## WHAT IS EXPECTED:
In the data below, locate the line containing "Камера видеонаблюдения на" and the line containing "Italian Bamboo Wicker", then retype both and everything between them exactly. Pictures are not part of the copy.

---------- DATA SUPPLIED ----------

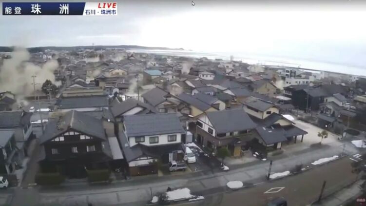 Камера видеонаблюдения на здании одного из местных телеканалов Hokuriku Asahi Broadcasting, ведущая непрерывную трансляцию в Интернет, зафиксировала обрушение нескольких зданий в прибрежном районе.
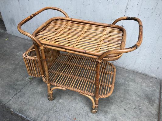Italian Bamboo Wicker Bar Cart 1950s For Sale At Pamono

----------
---------- DATA SUPPLIED ----------

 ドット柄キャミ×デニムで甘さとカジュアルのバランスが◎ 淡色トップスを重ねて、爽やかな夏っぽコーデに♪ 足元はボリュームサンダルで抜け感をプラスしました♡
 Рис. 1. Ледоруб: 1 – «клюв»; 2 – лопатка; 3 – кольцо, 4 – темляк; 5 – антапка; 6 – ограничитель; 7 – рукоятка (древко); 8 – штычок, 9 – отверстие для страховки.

----------
---------- DATA SUPPLIED ----------

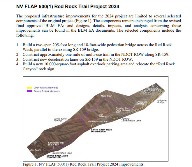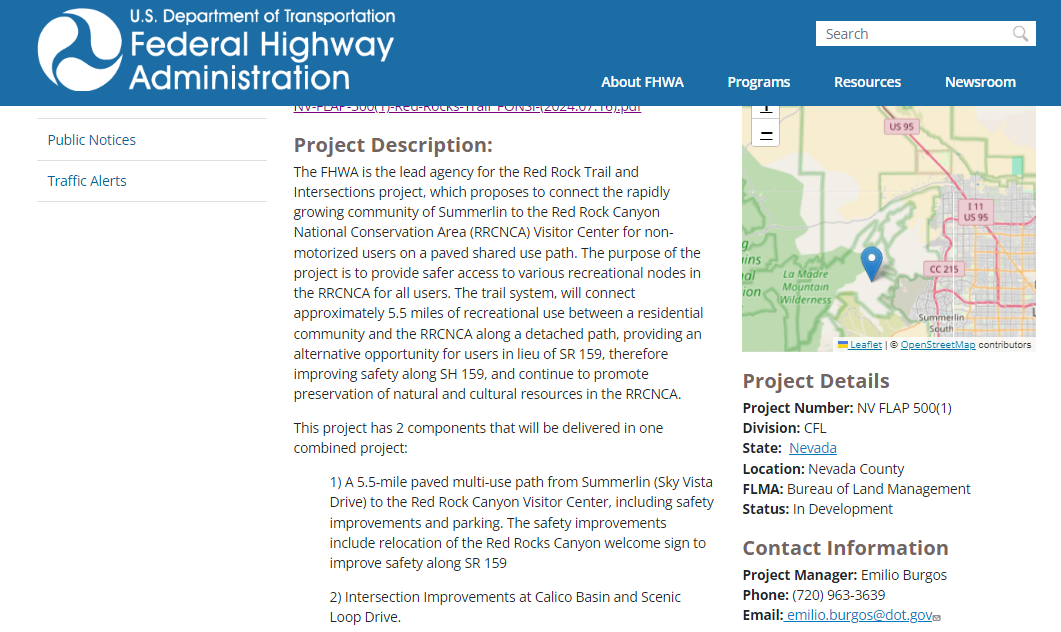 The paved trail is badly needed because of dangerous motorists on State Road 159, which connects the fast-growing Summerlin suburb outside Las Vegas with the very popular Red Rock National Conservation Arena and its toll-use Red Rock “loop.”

----------

## YOUR RESPONSE:
 Камера видеонаблюдения на здании одного из местных телеканалов Hokuriku Asahi Broadcasting, ведущая непрерывную трансляцию в Интернет, зафиксировала обрушение нескольких зданий в прибрежном районе.
Italian Bamboo Wicker Bar Cart 1950s For Sale At Pamono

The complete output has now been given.